Operations may be perfonned by analog circuitry or by a microprocessor executing software that performs the equivalent of the analog operation. Signal lines may be implemented as discrete analog or digital signal lines, as a discrete digital signal line with appropriate signal processing that is able to process separate signals, and/or as elements of a wireless communication system.

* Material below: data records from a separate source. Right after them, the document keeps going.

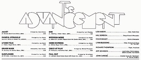 Reissue, originally released in 1969. After collaborating with Gabor Szabo on such influential "rare groove" albums as More Sorcery (1967) and Dreams (1968), bassist Louis Kabok and drummer Hal Gordon further embraced jazz-rock fusion under The Advancement moniker. Their self-titled album from 1969 opens with the moody expressiveness of "Juliet" moving on "Moorish Mode" on more interesting drums break. Their heady melting pot of jazz, hard rock, and psychedelia is anyhow well described on closing number "Fall Out".
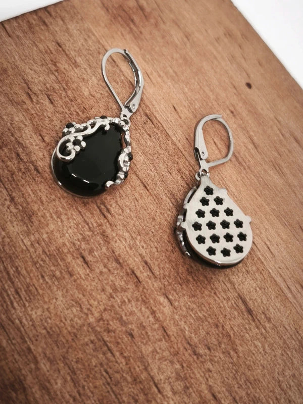 Boucles d'oreilles en pierre d'obsidienne et acier inoxydable. Longueur 3,5cm sur 1,3cm Poids 10g les deux.
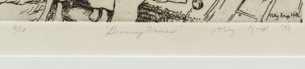 HILL, Polly Knipp, (American, 1900-1990): ''Granny Woman'', Etching, sight size 9 1/2'' x 11 1/4'', signed, titled and numbered 6/10, framed, 17'' x 18 1/2''.
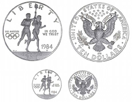New Commemorative Gold Coins In connection with the Los Angeles Olympic Games (see historical and legislative commentary under 1983 Olympic silver dollars), gold coins bearing a legal face value of $10 were issued at four mints using the same alloy and specifications as employed for United States $10 issues circa 1838-1933, the first commemorative gold coins to be struck since the 1926 Sesquicentennial $2.50 gold pieces.
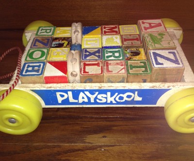 Title (ebay affiliate link): Vintage Playskool Wagon Alphabet Blocks Tinkertoy Pieces
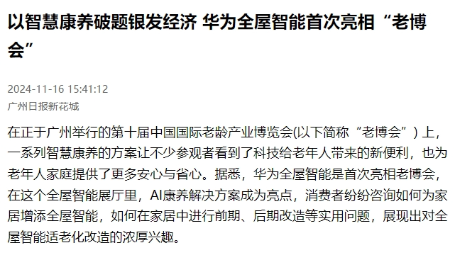 記者了解到,全屋智能在康養(yǎng)領(lǐng)域的應(yīng)用還存在許多發(fā)展空間,還需要更多業(yè)界攜手合作伙伴,共同推動(dòng)康養(yǎng)產(chǎn)業(yè)的創(chuàng)新發(fā)展。
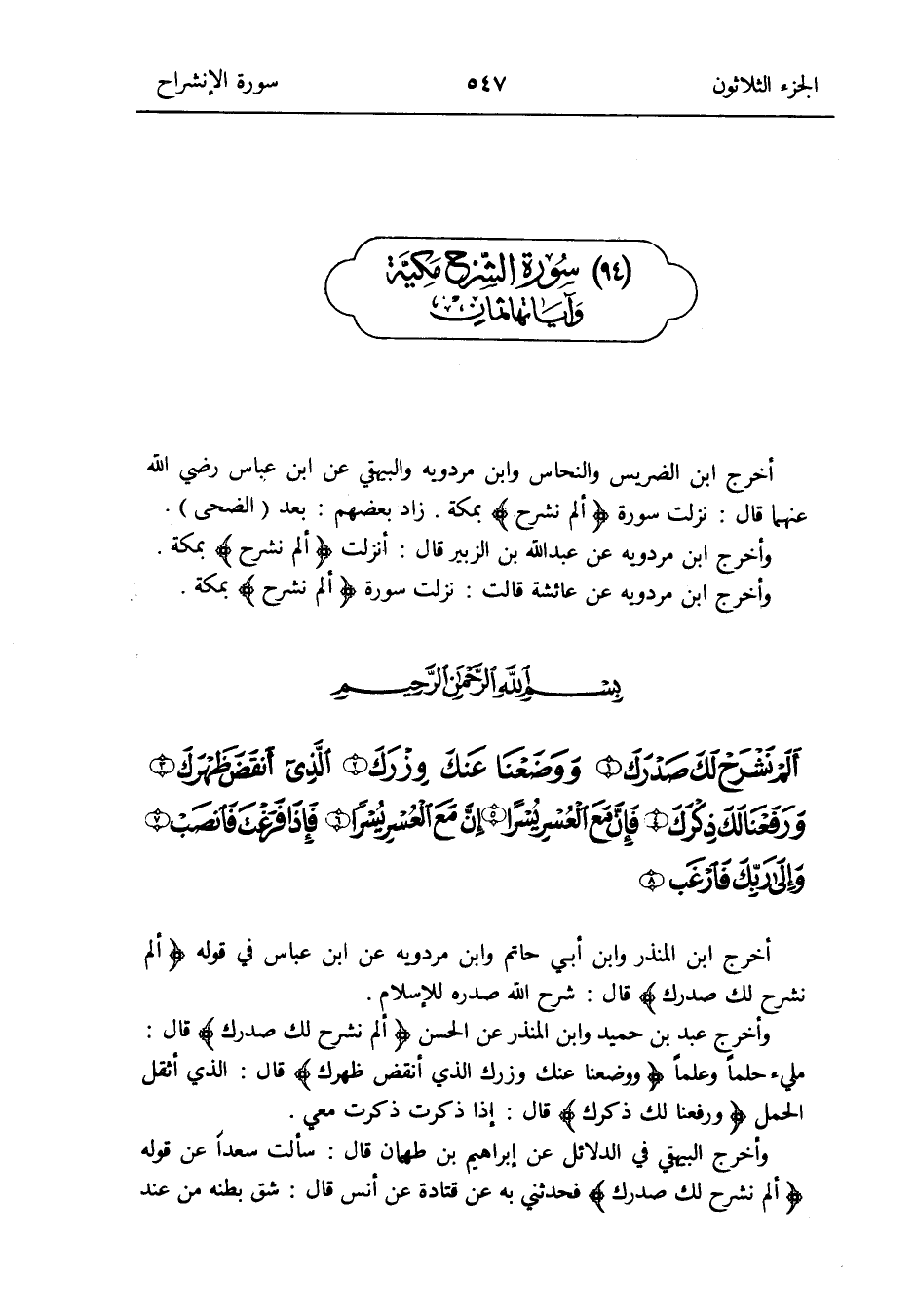 مُقَدّمَة السُّورَة أخرج ابْن الضريس والنحاس وَابْن مرْدَوَيْه وَالْبَيْهَقِيّ عَن ابْن عَبَّاس رَضِي الله عَنْهُمَا قَالَ: نزلت سُورَة {ألم نشرح} بِمَكَّة
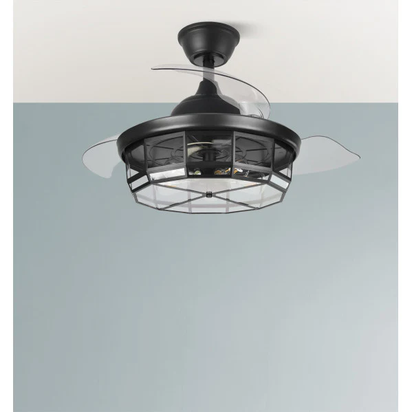 Ventilador de Techo Tornado Negro de Abrila. Este ventilador DC innovador no solo refresca el aire en tus estancias, sino que eleva tu comodidad diaria con su diseño versátil que combina iluminación y ventilación en uno. Imagina veranos más frescos en tu salón o dormitorio, con un flujo de aire potente y silencioso que alcanza hasta 9953 m³/h, eliminando el calor sofocante sin esfuerzo. Sus aspas retráctiles de ABS transparente se despliegan para un diámetro de 107 cm, ofreciendo frescura eficiente y un toque decorativo que se adapta a estilos clásicos o vintage. Con motor DC de bajo consumo (solo 7-32 W) y control remoto, disfruta de 6 velocidades ajustables y modo verano/invierno para un confort todo el año. Disponible en LUZGURU, la calidad premium de Abrila te asegura durabilidad y estilo en cada giro.
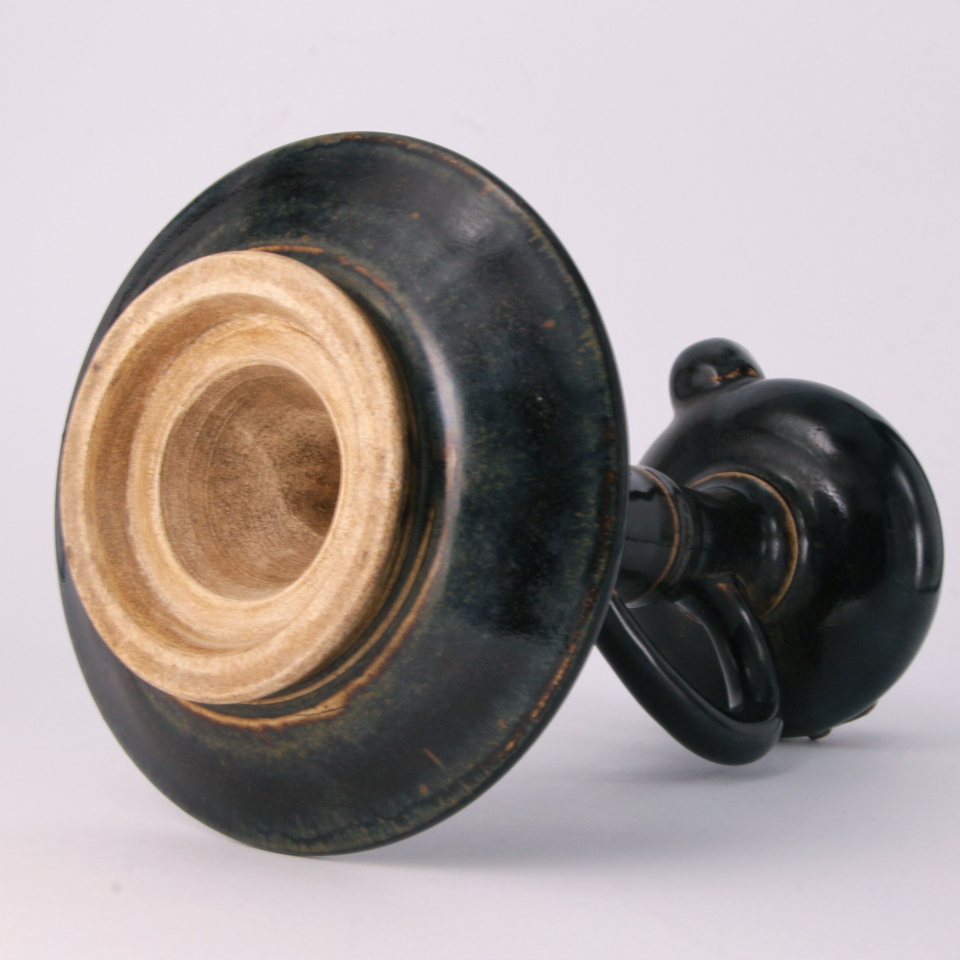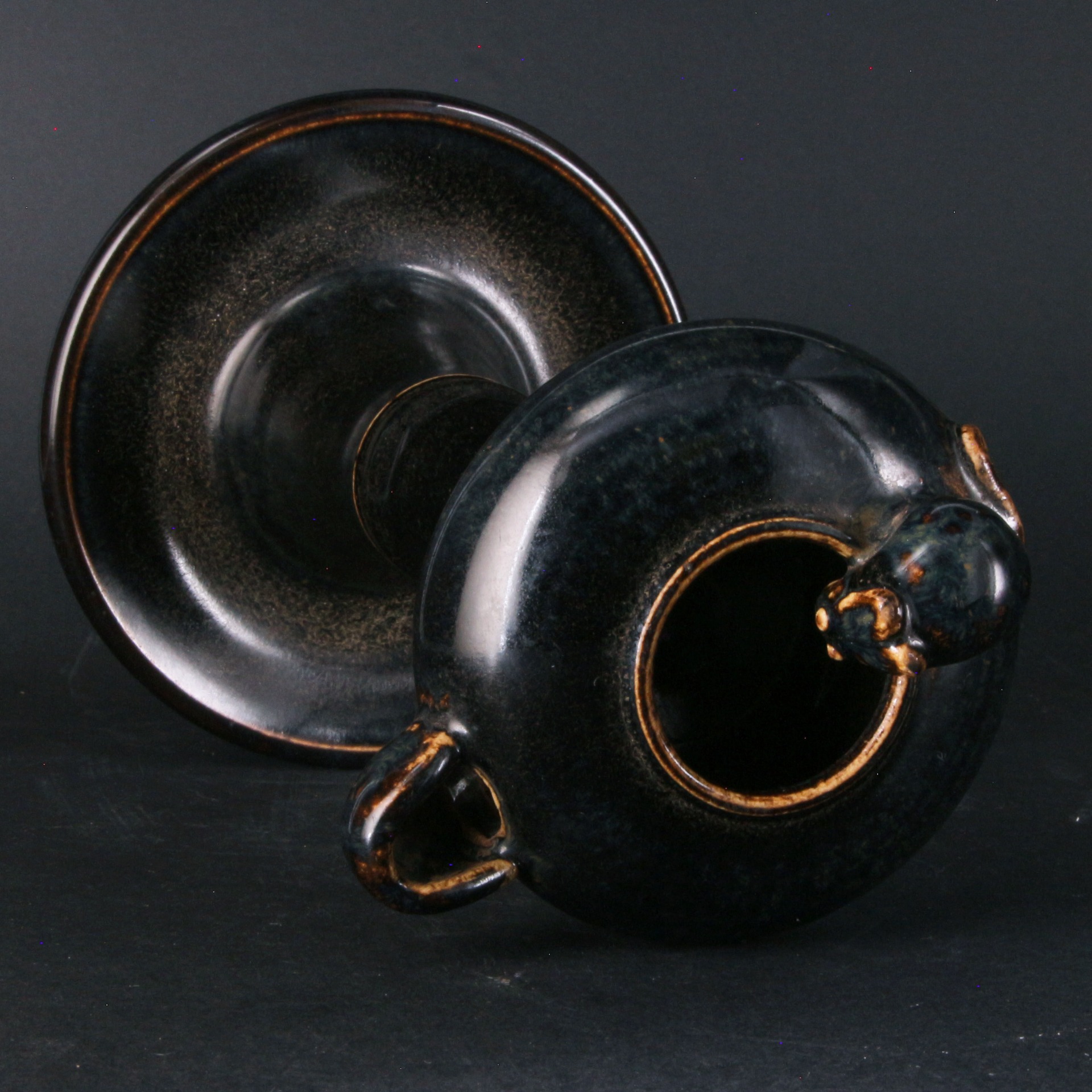 燈台結構分明,上部為承油的燈盞,中部為挺拔的竹節柄,下部則接寬大的圓盤形底座,既能平穩放置,也便於接承滴落的燈油。底足露胎處呈現定窯系特有的堅質細胎,釉與胎接合處線條乾淨利落。竹節象徵「節節高升」或「高風亮節」,而「鼠」在民俗中亦有招財之意,整件作品反映了金代黑釉瓷在造型上的多樣化與對日常雅趣的追求。

[0030] When processes are represented or implied in the block diagram, the steps may be performed by one element or a plurality of elements. The steps may be performed together or at different times. The elements that perform the activities may be physically the same or proximate one another, or may be physically separate. One element may perform the actions of more than one block. Audio signals may be encoded or not, and may be transmitted in either digital or analog form. Conventional audio signal processing equipment and operations are in some cases omitted from the drawing. [0031] A number of implementations have been described. Nevertheless, it will be understood that additional modifications may be made without departing from the scope of the inventive concepts described herein, and, accordingly, other embodiments are within the scope of the following claims.